We will have three talks on Wednesday, June 7th, starting at about 14h30.
:: On the Stability of Feature Selection Algorithms
::Speaker: Gavin Brown (University of Manchester)
Feature Selection is central to modern data science, from exploratory
data analysis to predictive model-building. The stability of a feature
selection algorithm refers to the robustness of its feature preferences
with respect to small changes in the training data. An algorithm is
‘unstable’ if a small change in data leads to large changes in the
chosen feature subset. We present a rigorous statistical and axiomatic
treatment for this concept, applicable generically from bioinformatics
to business analytics. In particular we address is how best to measure
stability – in the literature we find numerous proposals, each with
different motivations. In this work we consolidate the literature and
suggest a new approach to the problem. The result is (1) a deeper
understanding of existing work based on a small set of axioms, and (2) a
clearly justified statistical framework with several novel benefits.
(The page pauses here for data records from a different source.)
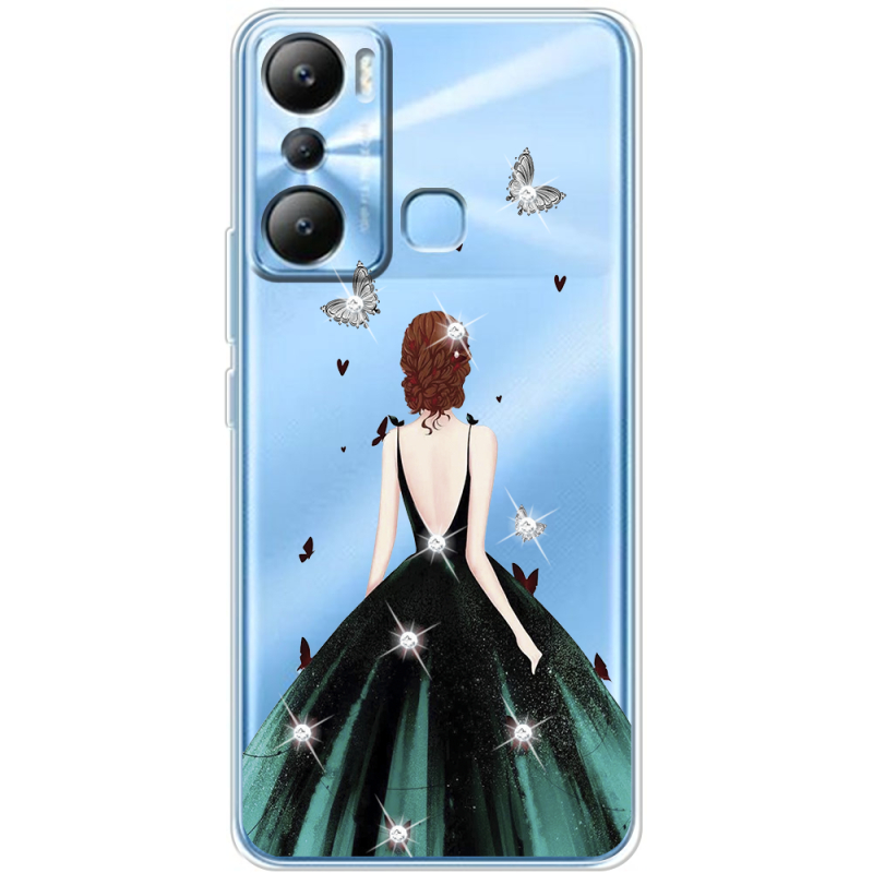 Чехол со стразами Infinix Hot 20i Girl in the green dress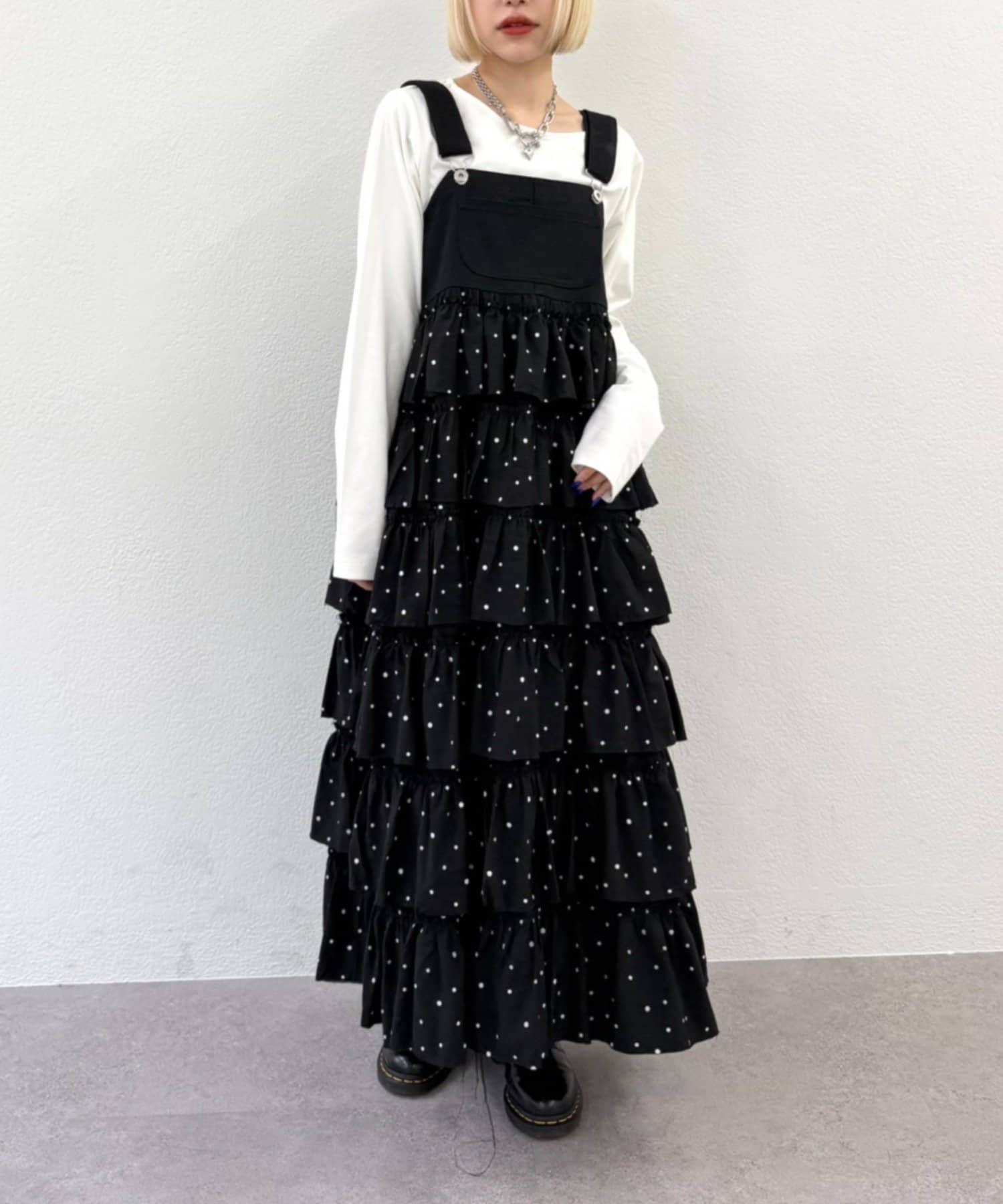 【新色ドット登場!】【新作予約お気に入り数第1位!】フリルティアードジャンスカ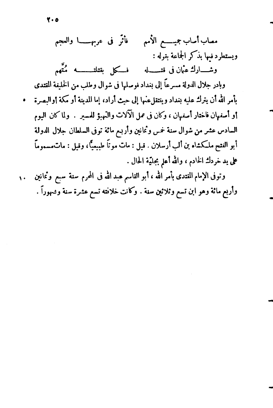 وتوفى الإمام المقتدى بأمر الله، أبو القاسم عبد الله في المحرم سنة سبع وثمانين وأربع مائة وهو ابن تسع وثلاثين سنة. وكانت خلافته تسع عشرة سنة وشهورا.

This approach serves to identify a stability measure obeying all
desirable axioms, and (for the first time in the literature) allowing
confidence intervals on its estimates, enabling a more rigorous
comparison of feature selection algorithms.
:: Distinguishing prognostic and predictive biomarkers: An information
:: Speaker: Kostantinos Sechidis (University of Manchester)
We present a novel method for data-driven ranking of predictive
biomarkers, using information theoretic methods. A strength of the
approach is in explicitly distinguishing predictive vs prognostic
markers, allowing us to quantify when markers are solely predictive,
solely prognostic, or some mixture of the two. Our information
theoretic formalization of the problem enable us to derive biomarker
rankings that capture the predictive strength, by estimating different,
high dimensional, conditional mutual information terms. To estimate
these terms, we suggest efficient low dimensional approximations, and we
derive an empirical Bayes ranking procedure, which is suitable for
"small n, large p" scenarios. Our approach turns out to be an asset in
small sample scenarios, when noise factors may dominate and markers get
mistakenly identified as predictive, when in fact they are just strongly
prognostic. We propose that the information theoretic view is a natural
and flexible mathematical framework for data-driven biomarker discovery,
providing a natural algebra to discuss and quantify the `predictiveness'
and `prognosticness' of candidate biomarkers.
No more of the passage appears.